The first step is to find the general solution of the incomplete ODE...

$\displaystyle y^{\ ''} – \frac{2+x}{x}\ y^{\ ’}\ + \frac{2+x}{x^{2}}\ y = 0$ (2)

If u and v are two independent solution of (2) then we arrive to write...

$\displaystyle (v\ u^{\ ''} - u\ v^{\ ''}) = \frac{2+x}{x}\ (v\ u^{\ '} - u\ v^{\ '})$ (3)

... and setting $z= v\ u^{\ '} - u\ v^{\ '}$ we obtain the first order ODE...

$\displaystyle z^{\ '}= \frac{2+x}{x}\ z$ (4)

... one solution of which is $\displaystyle z=x^{2}\ e^{x}$, so that is...

$\displaystyle \frac{z}{v^{2}} = \frac{d}{d x} (\frac{u}{v}) = \frac{x^{2}\ e^{x}}{v^{2}} \implies u= v\ \int \frac{x^{2}\ e^{x}}{v^{2}}\ dx$ (5)

It is easy enough to see that $v=x$ is solution of (2) so that…

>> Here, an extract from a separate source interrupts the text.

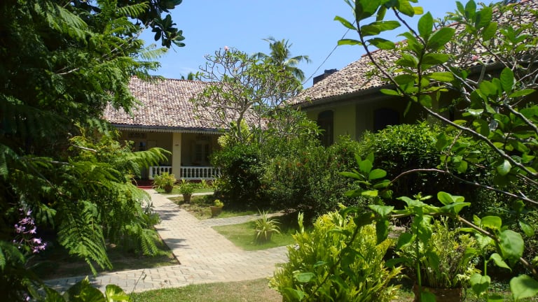 Guesthouse, Gästehaus und Hotel im Kolonialstil in Weligama auf der Tropeninsel Sri Lanka. Strand und Lagune in der Nähe. Das Guesthouse mit offenem Restaurant liegt in einem großen, tropischen Garten. Genießen Sie die Ruhe und beobachten Sie die vielen verschiedenen Tiere im Garten. Das Guesthouse wird familiär geführt, unser Koch bereitet Sri Lanka Küche und internationale Speisen, vor allem Seafood zu. Insgesamt 9 Zimmer mit Bad/WC. Zugang zum Garten von den großen Veranden. Fernsehraum, w-lan und Bibliothek kostenfrei. Wellness mit Ayurveda Massage. Zum Strand mit Korallenriff und Lagune nur 5min. Fußweg. Schwimmen, Schnorcheln, Surfen, Bootfahrten, Whale-watching. Rundreisen auf der Insel Sri Lanka organisieren und planen wir für Sie. Zum Strand von Mirissa nur 5km, nach Galle 15km. Weligama ist eine sehenswerte Kleinstadt direkt an der großen Bucht von Weligama und Mirissa.
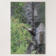 Quebra-cabeça com a natureza, uma ave, árvores, água.

$\displaystyle u= x\ \int e^{x}\ dx = x\ e^{x}$ (6)

Now that we have u and v we have to find the particular solution of (1) in the form...

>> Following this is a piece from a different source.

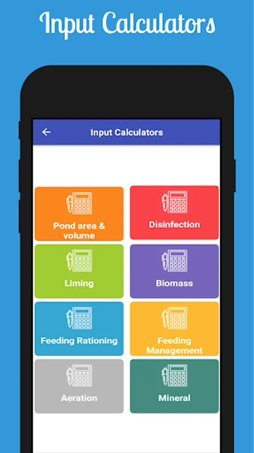 CIBA Shrimpapp contains various calculators pertaining to shrimp farming to estimate: the pond area and volume, total biomass in the pond, disinfection requirements, feed rationing, feed management, mineral requirement, soil pH adjustment and aeration requirement.

$\displaystyle Y= C_{1}(x)\ u + C_{2} (x)\ v$ (7)

... where...

$\displaystyle C_{1}(x) = - \int \frac{ v\ \varphi(x)}{W_{u,v}(x)}\ dx$

$\displaystyle C_{2}(x) = \int \frac{ u\ \varphi(x)}{W_{u,v}(x)}\ dx$ (8)

The Wronskian is computed as $\displaystyle W_{u,v} (x)= u\ v^{\ '}-v\ u^{\ '} = - x^{2}\ e^{x}$ and is $\displaystyle \varphi(x)= x\ e^{x}$ so that we obtain...

$\displaystyle C_{1}(x)= \int dx = x$

$\displaystyle C_{2}(x)= - \int \frac{d x}{x}= \ln \frac{1}{|x|}$ (9)

... and the general solution of (1) is...

$\displaystyle y(x)= c_{1}\ x\ e^{x} + c_{2}\ x + x^{2}\ e^{x} + x\ \ln \frac{1}{|x|}$ (10)

Kind regards

$\chi$ $\sigma$